Exercise details: Omitting the images, transcribe the records below exactly as they stand.

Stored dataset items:
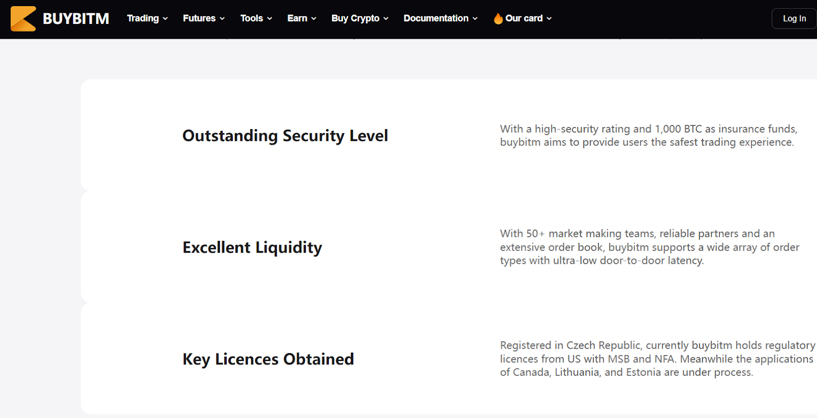 Помимо этого, создатели биржи утверждают, что имеют лицензию в Чешской республике и США, но ссылок на документы нет, а так как официальное название организации неизвестно, проверить ничего нельзя. В одном из разделов написано про возможность оформления криптовалютной карты, но при входе просто указано «скоро», поэтому в январе 2026 года заказать ее нельзя.
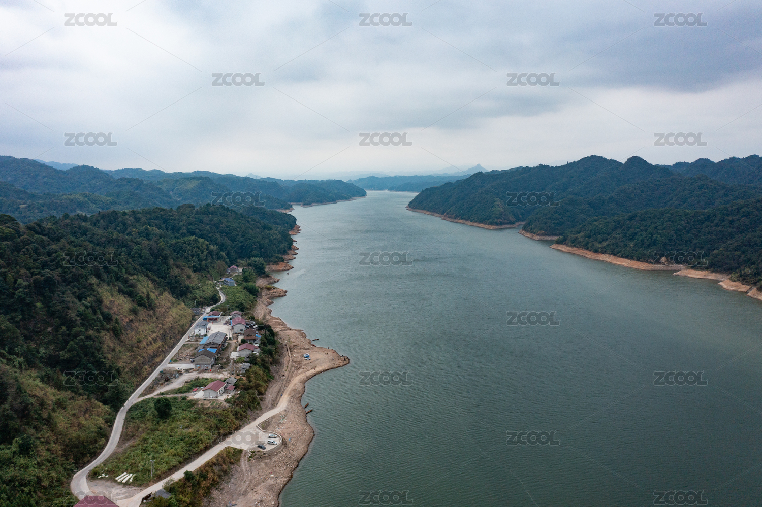 航拍,湖南,郴州,东江湖,小东江,岸,湖,河流,建筑,村庄
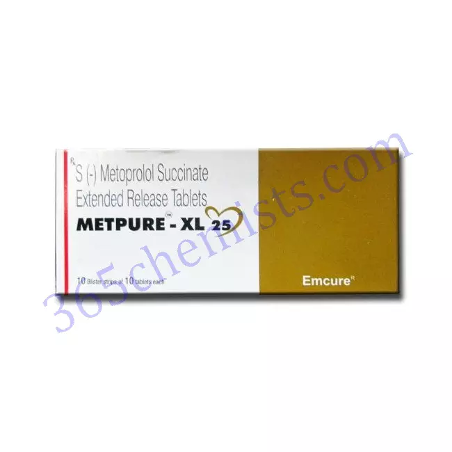 S-Metoprolol Succinate is the active component in the medicine known as Metpure XL 25 mg tablet. This medication is taken by mouth. It is most commonly used for the treatment of hypertension (also known as high blood pressure), angina (also known as chest pain), and other conditions related to the cardiovascular system. beta-blockers are the class of drugs to which it belongs. The medication is released gradually from the tablet, which ensures that it will continue to be effective for a longer period of time than it would be otherwise.
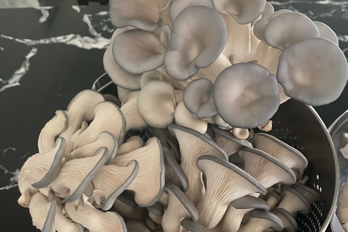 Freshly Harvested Blue Oyster Mushrooms
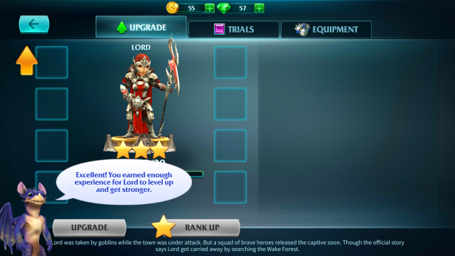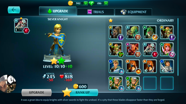 เราสามารถนำยูนิตที่ไม่ใช้แล้วมาเพิ่ม LV ให้ตัวละครเราได้ และเมื่อ LV ตัวละครเต็มแล้วก็สามารถอัพ Rank ได้โดยการนำยูนิตระดับเดียวกัน มาอัพเกรด ก็จะได้ยูนิตเดิมแต่ Rank (ดาว) เพิ่มขึ้น
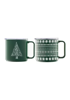Cambridge Silversmiths 2 Pack of 20 oz Stackable Green Tree Insulated Coffee Mugs
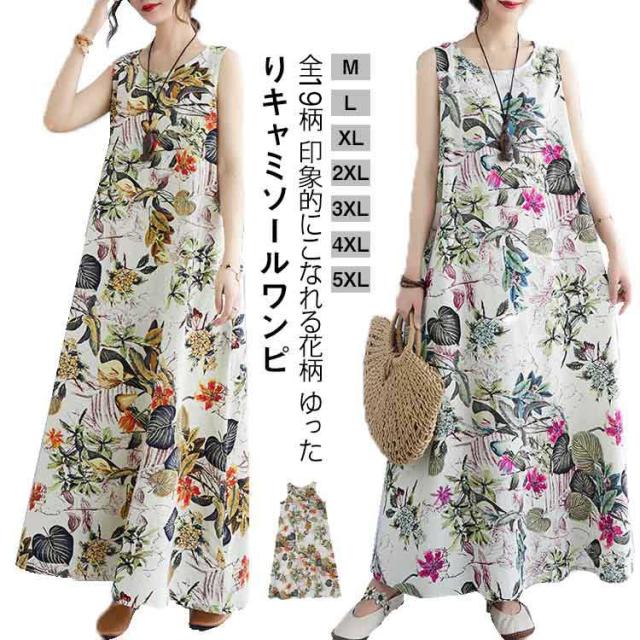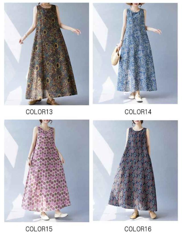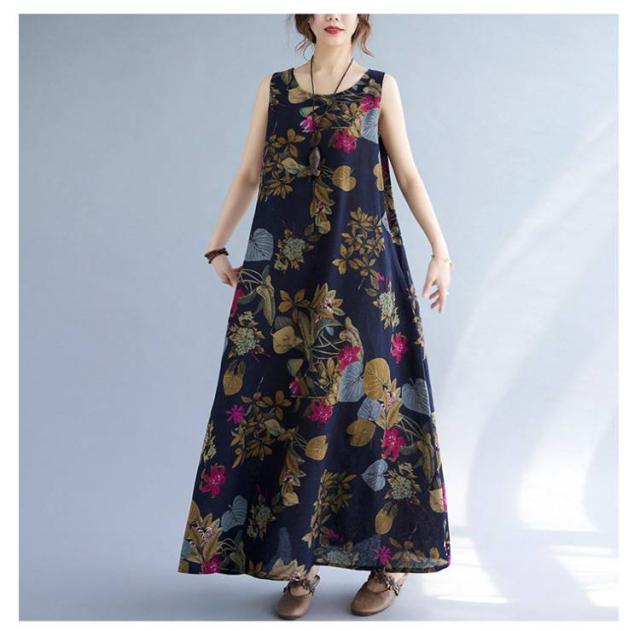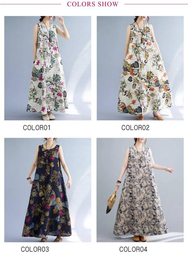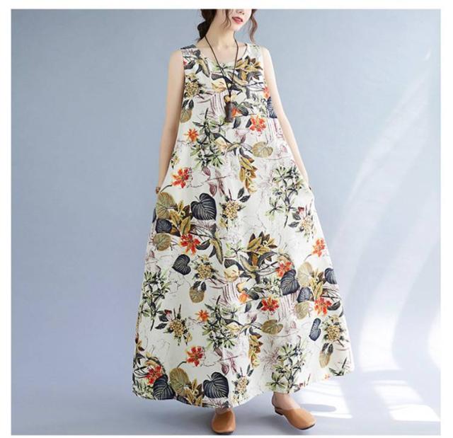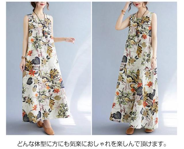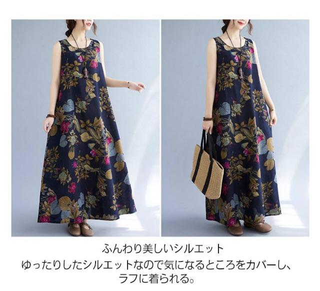 花柄 Uネック ロングワンピース ワンピース リネン ノースリーブ 麻 Aライン キャミソールワンピース 夏 サロペット オールインワン ジャンパースカート ロング ボタニカル ポケット プリント エスニック コットン ワンピース マキシ丈 大きいサイズ マキシワンピ 綿
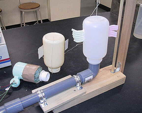 | ニューコメンの蒸気機関 (井階さん) 川上さんに続き第2弾の蒸気機関。 シリンダー部分に廃物の印刷用の容器を使っています。そのためピストン部分が熱に弱く長時間の使用には困難があるとのことです。ピストンをまっすぐ持ち上げるために、下の写真のように釜状の器具が必要とのこと。そういえば、ニューコメンの蒸気機関の図にはこのような形の器具がありました。いつもながらの精密製作です。 |
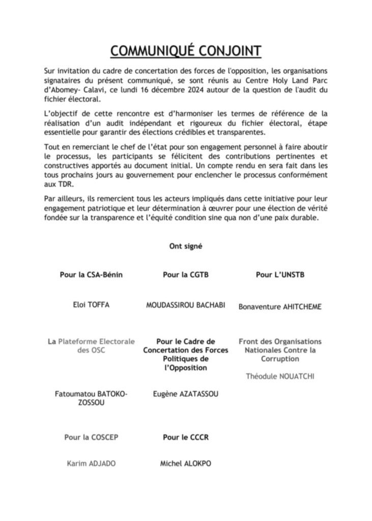 Le Cadre de Concertation des Forces Politiques de l’Opposition a tenu une réunion le 16 décembre 2024 à Holy Land Parc à Abomey-Calavi pour faire le point des échanges avec les partis politiques et les confessions religieuses autour du projet de l’audit du fichier électoral.
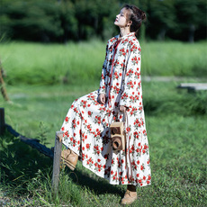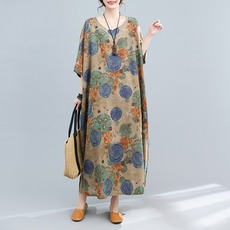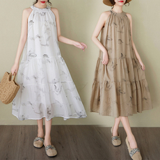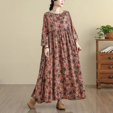 高端印花文艺棉麻 宽松木耳领减龄显瘦亚麻连衣裙女 中长款过膝裙
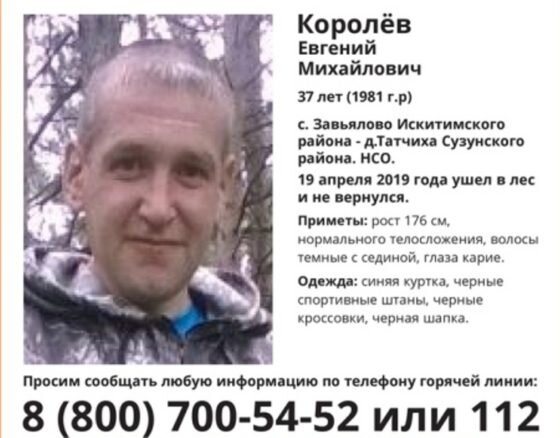 Вечером 2 мая стало известно, что пропавшего две недели назад 37-летнего бердчанина Евгения Королева нашли мертвым. Об этом «Курьер. Среда. Бердск» сообщили знакомые погибшего. — Его родственники рассказали, что нашли погибшим. Пока никаких подробностей нет, — поделились с «Курьер. Среда. Бердск» знакомые Евгения. Как сообщал «Курьер. Среда. Бердск», утром 19 апреля он ушел в лес на охоту в районе с. Завьялово Искитимского района и с тех пор о нем ничего не было известно. Телефон его молчал. Его поисками занимались родные и друзья, сообщившие о произошедшем в полицию. 21 апреля на поиски Евгения вышли волонтеры поискового отряда «Лиза Алерт». Искали в лесу от с. Завьялого до Сузунского района. И вот, спустя две недели обнаружили его тело.
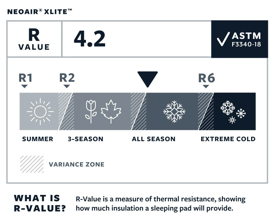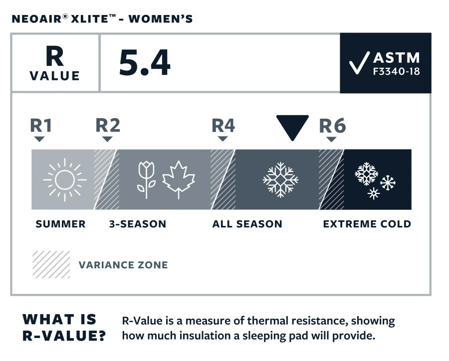 Le NeoAir XLite est un tapis de sol 4 saisons avec une isolation performante obtenue grâce Ă l’utilisation de barrières rĂ©flĂ©chissantes Ă l’intĂ©rieur du matelas. Ces feuilles d’aluminium permettent une convection de la chaleur. La chaleur est emprisonnĂ©e dans les boudins et est rĂ©flĂ©chie vers votre corps ! Ce procĂ©dĂ© permet de stopper le froid venant du sol. En taille 119, 183 et 196 cm le matelas a une rĂ©sistance thermique R-Value de 4.2, calculĂ©e avec la nouvelle norme ASTM F3340-18. Le modèle femme de 168 cm est dotĂ© d’une isolation plus importante et dispose d’un R-Value de 5.4, ce qui en fait un matelas 4 saisons. Pour cela, il est composĂ© de deux feuilles d’aluminium rĂ©flĂ©chissantes (au lieu d’une) et de tois niveaux de chambre Ă air dans les boudins.Â
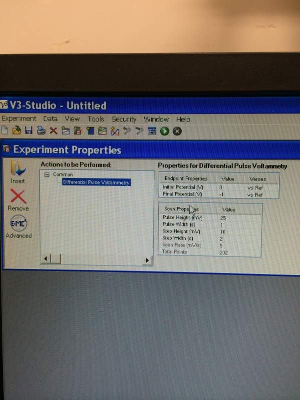 1.一般机内会自动显示,如果没显示考虑下石墨烯的浓度和分散效果等,效果好自动出没问题。如果确实手动标峰,应该也能的。我用的是CHI160b 那里面有manual results可以作切线。你的应该也能找到。 2.DPV的话,电位选择比较总要。一般用CV确定峰电位,然后DPV±0.2V或±0.3V即可。参数的话:扫速40mV/s 电位脉冲范围自己设定,脉冲高度50mV 脉冲宽度50ms等大部分是机内默认的。如果电位没问题的话,那可能就是石墨烯层不均匀或电极不够清洁等。 |
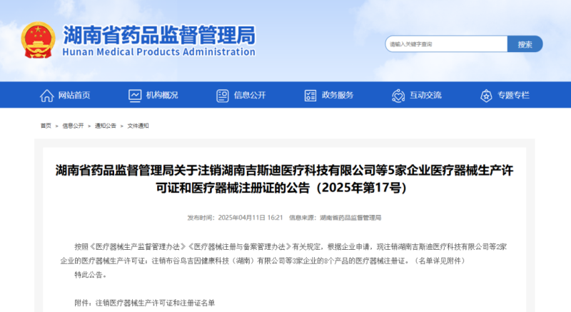 4月11日,湖南省藥監(jiān)局發(fā)布公告稱,按照《醫(yī)療器械監(jiān)督管理?xiàng)l例》《醫(yī)療器械生產(chǎn)監(jiān)督管理辦法》有關(guān)規(guī)定,根據(jù)企業(yè)申請(qǐng),現(xiàn)注銷湖南吉斯迪醫(yī)療科技有限公司等2家企業(yè)的醫(yī)療器械生產(chǎn)許可證;注銷布谷鳥吉因健康科技(湖南)有限公司、湖南躍凡醫(yī)療科技有限公司等3家企業(yè)的8個(gè)產(chǎn)品的醫(yī)療器械注冊(cè)證,具體明細(xì)如下:
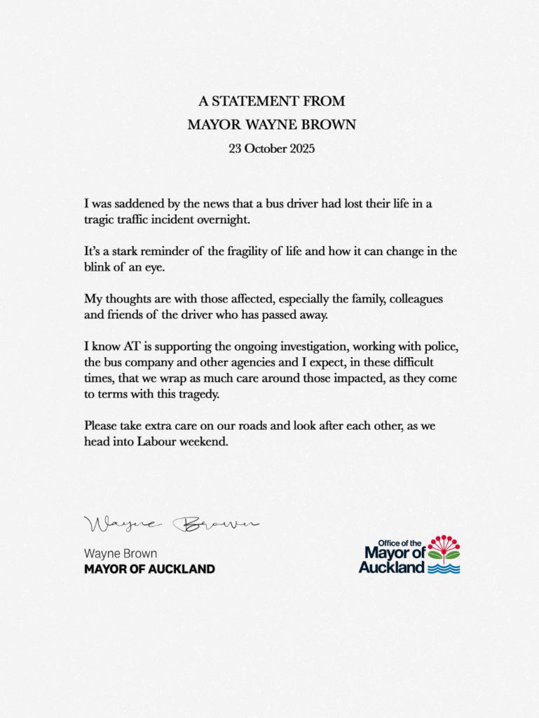Auckland Mayor Wayne Brown expressed profound sadness at the news, stating, “It is a stark reminder of the fragility of life and how it can change in the blink of an eye.” He extended his deepest condolences to “the family, colleagues, and friends of the driver who has passed away,” urging all road users to take extra care as the city heads into the long Labour weekend.
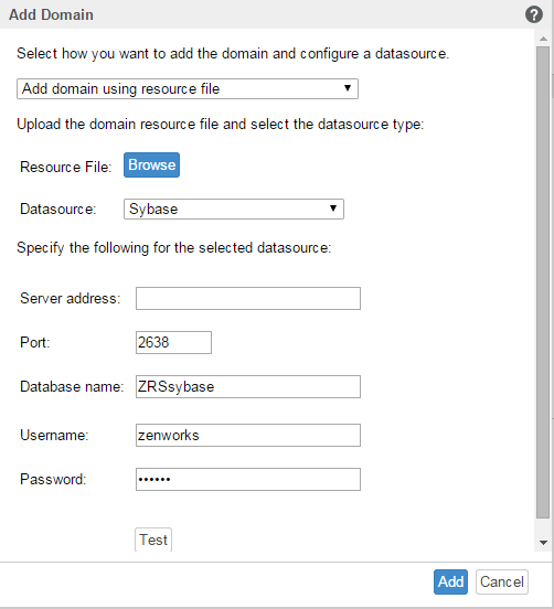 Choose Add domains from ZENworks Management Zone, then specify the following:

Task response:
 Помимо этого, создатели биржи утверждают, что имеют лицензию в Чешской республике и США, но ссылок на документы нет, а так как официальное название организации неизвестно, проверить ничего нельзя. В одном из разделов написано про возможность оформления криптовалютной карты, но при входе просто указано «скоро», поэтому в январе 2026 года заказать ее нельзя.
 航拍,湖南,郴州,东江湖,小东江,岸,湖,河流,建筑,村庄
 S-Metoprolol Succinate is the active component in the medicine known as Metpure XL 25 mg tablet. This medication is taken by mouth. It is most commonly used for the treatment of hypertension (also known as high blood pressure), angina (also known as chest pain), and other conditions related to the cardiovascular system. beta-blockers are the class of drugs to which it belongs. The medication is released gradually from the tablet, which ensures that it will continue to be effective for a longer period of time than it would be otherwise.
 Freshly Harvested Blue Oyster Mushrooms
 เราสามารถนำยูนิตที่ไม่ใช้แล้วมาเพิ่ม LV ให้ตัวละครเราได้ และเมื่อ LV ตัวละครเต็มแล้วก็สามารถอัพ Rank ได้โดยการนำยูนิตระดับเดียวกัน มาอัพเกรด ก็จะได้ยูนิตเดิมแต่ Rank (ดาว) เพิ่มขึ้น
Cambridge Silversmiths 2 Pack of 20 oz Stackable Green Tree Insulated Coffee Mugs
 花柄 Uネック ロングワンピース ワンピース リネン ノースリーブ 麻 Aライン キャミソールワンピース 夏 サロペット オールインワン ジャンパースカート ロング ボタニカル ポケット プリント エスニック コットン ワンピース マキシ丈 大きいサイズ マキシワンピ 綿
 | ニューコメンの蒸気機関 (井階さん) 川上さんに続き第2弾の蒸気機関。 シリンダー部分に廃物の印刷用の容器を使っています。そのためピストン部分が熱に弱く長時間の使用には困難があるとのことです。ピストンをまっすぐ持ち上げるために、下の写真のように釜状の器具が必要とのこと。そういえば、ニューコメンの蒸気機関の図にはこのような形の器具がありました。いつもながらの精密製作です。 |
 Le Cadre de Concertation des Forces Politiques de l’Opposition a tenu une réunion le 16 décembre 2024 à Holy Land Parc à Abomey-Calavi pour faire le point des échanges avec les partis politiques et les confessions religieuses autour du projet de l’audit du fichier électoral.
 高端印花文艺棉麻 宽松木耳领减龄显瘦亚麻连衣裙女 中长款过膝裙
 Вечером 2 мая стало известно, что пропавшего две недели назад 37-летнего бердчанина Евгения Королева нашли мертвым. Об этом «Курьер. Среда. Бердск» сообщили знакомые погибшего. — Его родственники рассказали, что нашли погибшим. Пока никаких подробностей нет, — поделились с «Курьер. Среда. Бердск» знакомые Евгения. Как сообщал «Курьер. Среда. Бердск», утром 19 апреля он ушел в лес на охоту в районе с. Завьялово Искитимского района и с тех пор о нем ничего не было известно. Телефон его молчал. Его поисками занимались родные и друзья, сообщившие о произошедшем в полицию. 21 апреля на поиски Евгения вышли волонтеры поискового отряда «Лиза Алерт». Искали в лесу от с. Завьялого до Сузунского района. И вот, спустя две недели обнаружили его тело.
 Le NeoAir XLite est un tapis de sol 4 saisons avec une isolation performante obtenue grâce Ă l’utilisation de barrières rĂ©flĂ©chissantes Ă l’intĂ©rieur du matelas. Ces feuilles d’aluminium permettent une convection de la chaleur. La chaleur est emprisonnĂ©e dans les boudins et est rĂ©flĂ©chie vers votre corps ! Ce procĂ©dĂ© permet de stopper le froid venant du sol. En taille 119, 183 et 196 cm le matelas a une rĂ©sistance thermique R-Value de 4.2, calculĂ©e avec la nouvelle norme ASTM F3340-18. Le modèle femme de 168 cm est dotĂ© d’une isolation plus importante et dispose d’un R-Value de 5.4, ce qui en fait un matelas 4 saisons. Pour cela, il est composĂ© de deux feuilles d’aluminium rĂ©flĂ©chissantes (au lieu d’une) et de tois niveaux de chambre Ă air dans les boudins.Â
 1.一般机内会自动显示,如果没显示考虑下石墨烯的浓度和分散效果等,效果好自动出没问题。如果确实手动标峰,应该也能的。我用的是CHI160b 那里面有manual results可以作切线。你的应该也能找到。 2.DPV的话,电位选择比较总要。一般用CV确定峰电位,然后DPV±0.2V或±0.3V即可。参数的话:扫速40mV/s 电位脉冲范围自己设定,脉冲高度50mV 脉冲宽度50ms等大部分是机内默认的。如果电位没问题的话,那可能就是石墨烯层不均匀或电极不够清洁等。 |
 4月11日,湖南省藥監(jiān)局發(fā)布公告稱,按照《醫(yī)療器械監(jiān)督管理?xiàng)l例》《醫(yī)療器械生產(chǎn)監(jiān)督管理辦法》有關(guān)規(guī)定,根據(jù)企業(yè)申請(qǐng),現(xiàn)注銷湖南吉斯迪醫(yī)療科技有限公司等2家企業(yè)的醫(yī)療器械生產(chǎn)許可證;注銷布谷鳥吉因健康科技(湖南)有限公司、湖南躍凡醫(yī)療科技有限公司等3家企業(yè)的8個(gè)產(chǎn)品的醫(yī)療器械注冊(cè)證,具體明細(xì)如下:
Auckland Mayor Wayne Brown expressed profound sadness at the news, stating, “It is a stark reminder of the fragility of life and how it can change in the blink of an eye.” He extended his deepest condolences to “the family, colleagues, and friends of the driver who has passed away,” urging all road users to take extra care as the city heads into the long Labour weekend.
 Choose Add domains from ZENworks Management Zone, then specify the following:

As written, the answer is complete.